- _AIM OF THE EXERCISE_: The reply must consist of the complete listing, reproduced exactly, with no images included.

::: AVAILABLE DATA

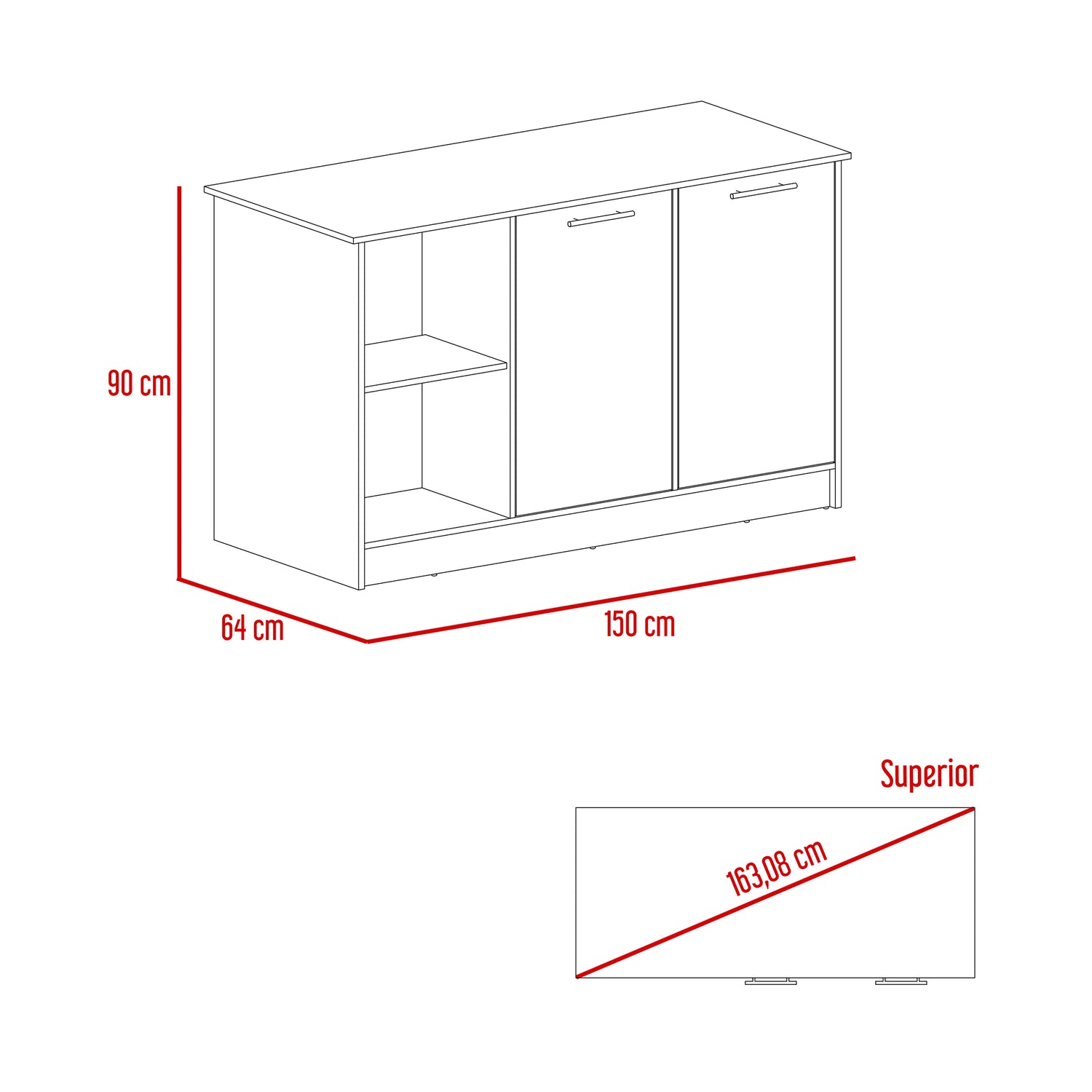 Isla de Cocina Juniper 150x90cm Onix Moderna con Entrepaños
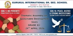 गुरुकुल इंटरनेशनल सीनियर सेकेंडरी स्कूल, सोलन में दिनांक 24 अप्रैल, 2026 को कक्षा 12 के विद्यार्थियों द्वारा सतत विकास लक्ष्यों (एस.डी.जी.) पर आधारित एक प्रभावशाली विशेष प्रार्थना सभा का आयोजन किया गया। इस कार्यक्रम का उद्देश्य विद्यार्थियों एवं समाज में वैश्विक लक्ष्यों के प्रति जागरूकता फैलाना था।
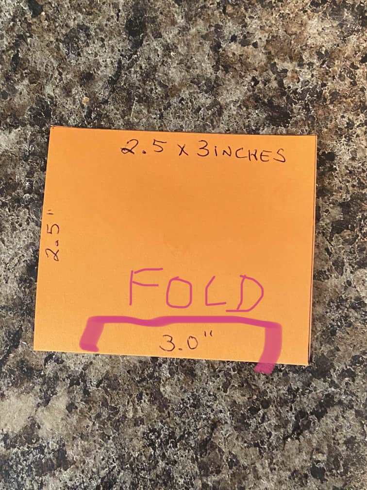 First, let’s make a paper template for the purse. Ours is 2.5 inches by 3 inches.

::::::

- _ANSWER TO THIS PROBLEM_:
 Isla de Cocina Juniper 150x90cm Onix Moderna con Entrepaños
 गुरुकुल इंटरनेशनल सीनियर सेकेंडरी स्कूल, सोलन में दिनांक 24 अप्रैल, 2026 को कक्षा 12 के विद्यार्थियों द्वारा सतत विकास लक्ष्यों (एस.डी.जी.) पर आधारित एक प्रभावशाली विशेष प्रार्थना सभा का आयोजन किया गया। इस कार्यक्रम का उद्देश्य विद्यार्थियों एवं समाज में वैश्विक लक्ष्यों के प्रति जागरूकता फैलाना था।
 First, let’s make a paper template for the purse. Ours is 2.5 inches by 3 inches.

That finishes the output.